The man reached up and pinched the zipper at his chin and drew it up over his nose and between his eyes.
Laughter kicked up in Stark, a galloping hysterical roil. “Oh my God.”
The man tossed the hood-mask onto Stark’s kitchen table. “Is that scotch?”
Still laughing, Stark handed Pedro Muñoz the glass in his hand.
Muñoz, dour as winter, looked down at the drink. “Pour me a fresh one, Doctor.”
Stark couldn’t stop laughing as he pulled the bottle out of the liquor cabinet again, and clinked ice into a clean glass. “Oh, my God.”
He put the glass down in front of Muñoz as the younger man sat at the kitchen table. The delight and wonder that Stark felt wasn’t mirrored in Muñoz’s haunted expression, though. Something terrible had happened to Muñoz, too terrible for a happy reunion over drinks. The young doctor, urbane yet earnest in their conversations four days ago, now seemed slightly feral, his eyes skittered anxiously and he had the air of prey. Muñoz held the glass of scotch with grave seriousness, pressing his lips together, wary gratitude on his grimy face.

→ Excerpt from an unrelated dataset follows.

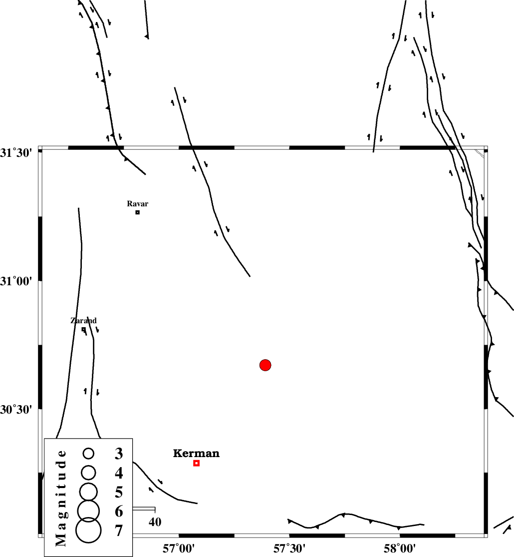 GOLBAF_SIRCH_F (Length: 114 km) , Distance to epicenter: 20 km | |
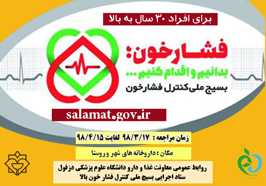وی در خاتمه اعلام کرد:طرح ملی بسیج کنترل فشارخون بالا برای افراد بالای 30 سال از روز جمعه 17 خردادماه شروع و تا روز شنبه 15 تیرماه 98 در برخی از داروخانه ها و کلیه مراکز درمانی،بهداشتی و پایگاههای شهری و روستایی و در شهرستان های دزفول،شوش و گتوند ادامه خواهد داشت.

Nonetheless, Stark felt like a long-lost brother had finally come home, and for a moment, the scaling mortality rate of Big Bonebreaker, Isabel’s betrayal, Joaquin’s phone call fell away. He tried to staunch his laughter, but couldn’t, as he dropped into a chair across from Muñoz. “How,” Stark said, “in the world …?”

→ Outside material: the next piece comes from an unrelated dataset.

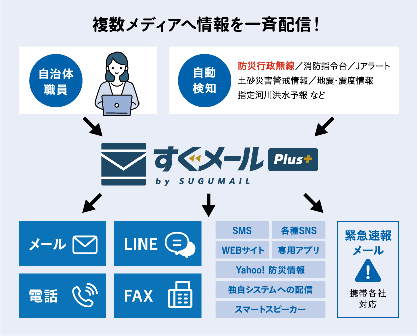 検討対象となったメール配信システムは、同社が提供する「すぐメールPlus+(プラス)」。これは従来版が進化したもので、メールだけではなくLINE・電話・ファックスなど複数メディアへの一斉配信や、他システムとの連携機能などが追加されている。職員のワンオペレーションで配信でき、気象情報や防災行政無線をキャッチして自動配信も可能だ。

Muñoz ignored him and drank deep. He let out a whoof of air, savoring the burn. “Boy.”
Stark had a hundred questions, and wanted to loose them all, but if he’d needed a drink after his day, he imagined Muñoz must feel like a man in a desert. He could let the man enjoy his scotch without yapping at him like a hysterical puppy.
After a few more sips, Muñoz let out a shaky sigh. “Well, that’s a little better.”
“You were listed as dead, Pedro.”
Muñoz seemed struck by that thought, amazed. “Good. That’s good,” he said. “You know, the last four days were scary, but nothing like trying to sneak into La Alta just now.” He tilted the glass back until he was kissing ice and closed his eyes in rapture as the cubes touched his mouth.